I have sent patients to Oregon and I have sent patients to Idaho just to have access to an ICU bed.

The secondary issue with COVID that no one seems to understand is the challenge of discharging an elderly patient from the hospital.

Nursing homes are under strict guidelines as to when they can accept a patient, or if they are even willing to. As a result, there are multiple patients in the hospitals in the Tri-Cities who have improved enough to be discharged but wait for days — even weeks — until a place can be found where a patient can be sent.

This greatly hampers the ability to admit other patients.

This means that during every shift the beds I am able to use in the ER to care for acutely ill people coming in by ambulance or through the door is limited because I’m holding patients in the ER who are waiting for a bed somewhere else.

The ER is a transition station. Once admitted to the hospital, patients are supposed to move from the ER to another space.

Another social aspect is that elderly patients will come to the ER because the family is unable to care for their needs at home — specifically patients with dementia or confusion that seems to be progressing over the past few months. These specific elderly patients I’m talking about meet no medical criteria to be admitted to the hospital, but in multiple circumstances hospitals in the Tri-Cities have had to care for these patients because families are unable to take care of them at home.

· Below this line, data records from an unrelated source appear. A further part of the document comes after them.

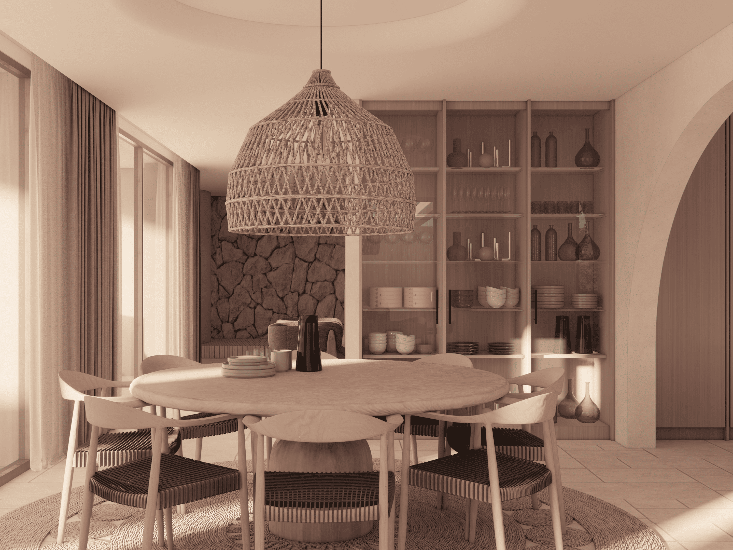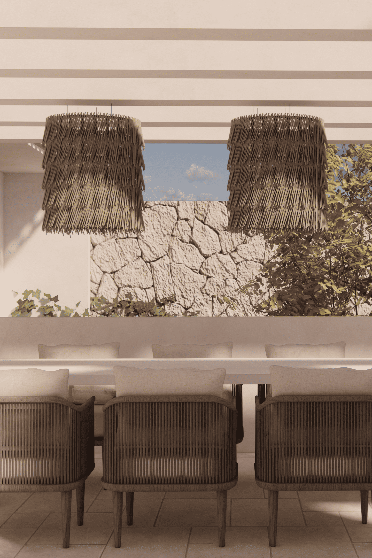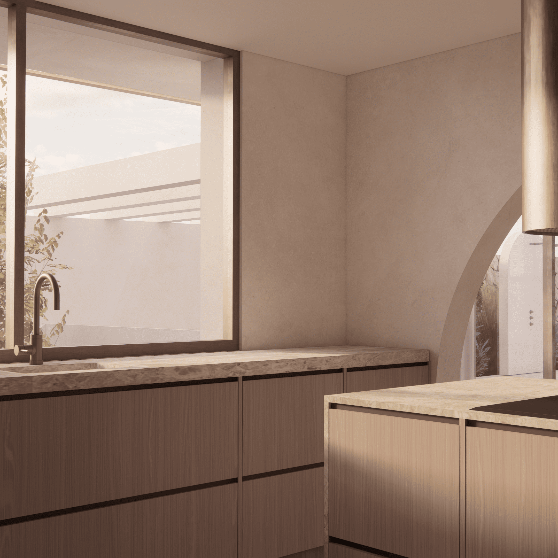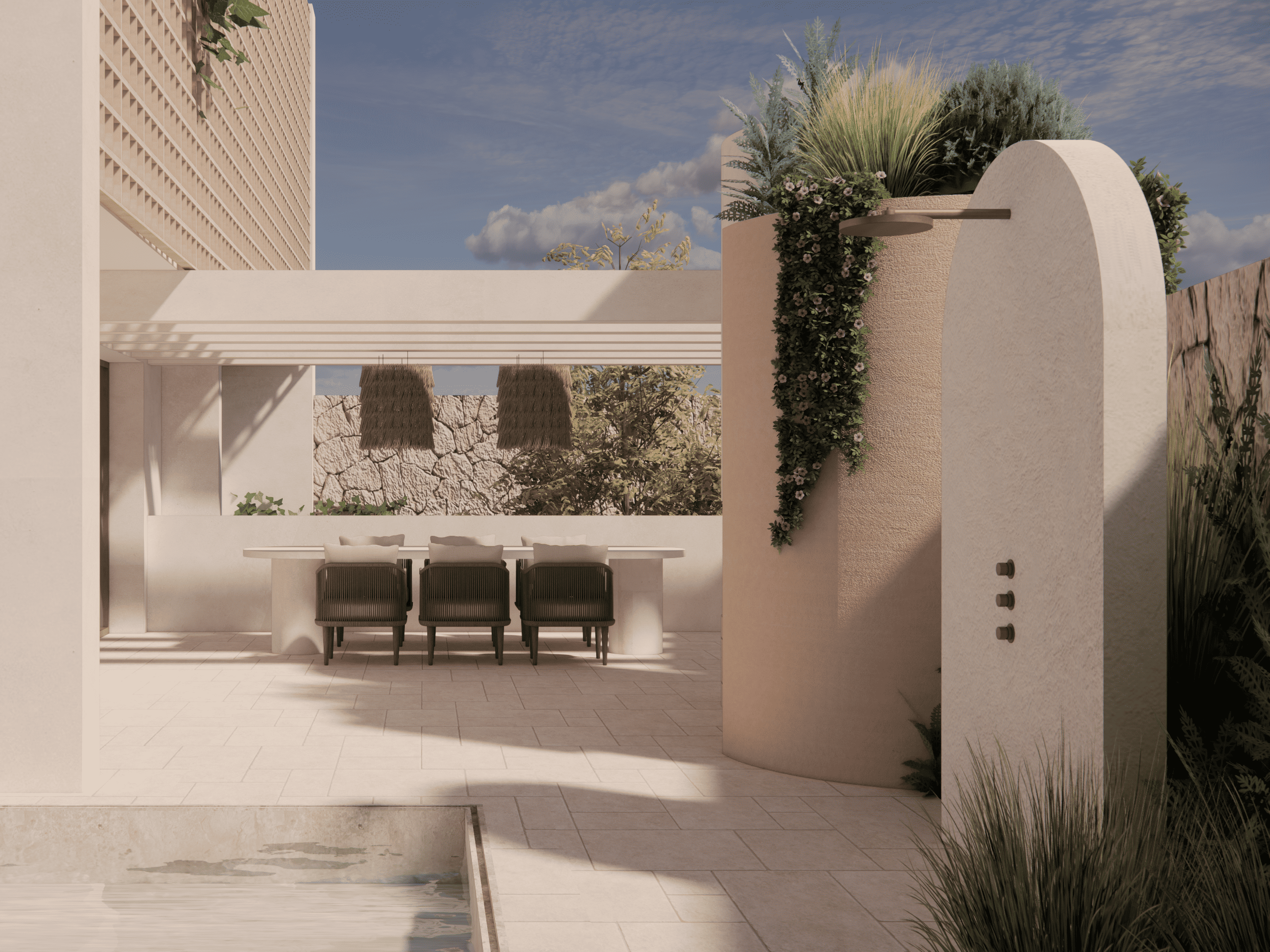 En las terrazas, no solo enmarcan las vistas y guían la luz hacia el interior, sino que también favorecen el confort climático al permitir la circulación de aire y servir de barrera parcial contra el sol. Estos elementos crean una atmósfera cálida y serena, donde la modernidad y la tradición se integran, generando un espacio armónico que refleja el espíritu mediterráneo.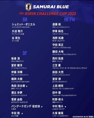 キリンチャレンジカップ日本代表メンバーに選出されました!中村敬斗からのコメント沢山の方々からお祝いのお言葉を頂きありがとうございます。年代別代表とは違うA代表の重みを半端なく感じてとても緊張しています。ラスクリンツの監督やスタッフ、チームメイトから祝福してもらいました。初の代表入りに緊張している私に、自信を持って行ってこいと激励してくれました。本当に嬉しいです。今は今週末19日のリーグ戦に勝つ事だ...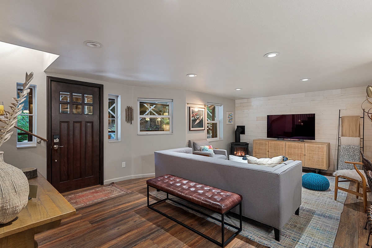 Artist's Perch ~ Ubicado entre majestuosas secuoyas costeras, Artist's Perch ha sido completamente reinventado, por dentro y por fuera, por un diseñador de interiores emergente de San Francisco. La casa combina un diseño refinado con la serenidad natural, con toques cálidos y artísticos en todo el espacio y una impresionante sauna exterior eslovena importada para disfrutar de lo último en relajación. Entra en una cocina totalmente equipada que te invita a cocinar comidas inspiradas, ya sea que prefieras cenar en el interior o asar a la parrilla bajo las secuoyas.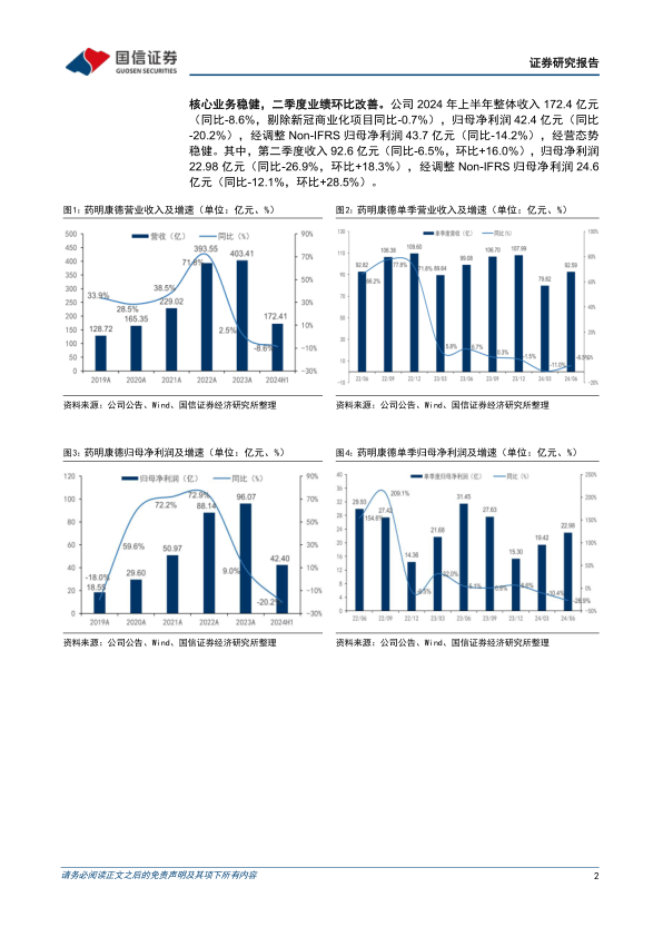 核心业务稳健,二季度业绩环比改善。公司2024年上半年整体收入172.4亿元(同比-8.6%,剔除新冠商业化项目同比-0.7%),归母净利润42.4亿元(同比-20.2%),经调整Non-IFRS归母净利润43.7亿元(同比-14.2%),经营态势稳健。其中,第二季度收入92.6亿元(同比-6.5%,环比+16.0%),归母净利润22.98亿元(同比-26.9%,环比+18.3%),经调整Non-IFRS归母净利润24.6亿元(同比-12.1%,环比+28.5%)。

So what can a community do?

We can help take care of ourselves and our neighbors. We can step up and look for ways to help support those people who just need a little extra help.

Wearing a mask and washing your hands often helps. For those of you who are against masks, I know many of you would wear a mask if you thought it would help provide hospital space when your mother got sick, or your grandfather had to be admitted.

Isn’t it worth that little sacrifice? And don’t limit your views to family.

The Tri-Cities is a great community that steps up to help people in need. Fundraisers are always successful and people rally to help families going through a crisis.

I don’t understand why all of us won’t rally to help the community and the nation in crisis by doing simple things like wearing a mask and washing our hands.

This is no conspiracy. It’s real.

Even though I believe that 99% of the population will not have an issue with COVID and require admission to the hospital, our health care system is not equipped to take care of that extra one percent who normally wouldn’t come to the hospital to be treated.

We all need to do what we can to help our community.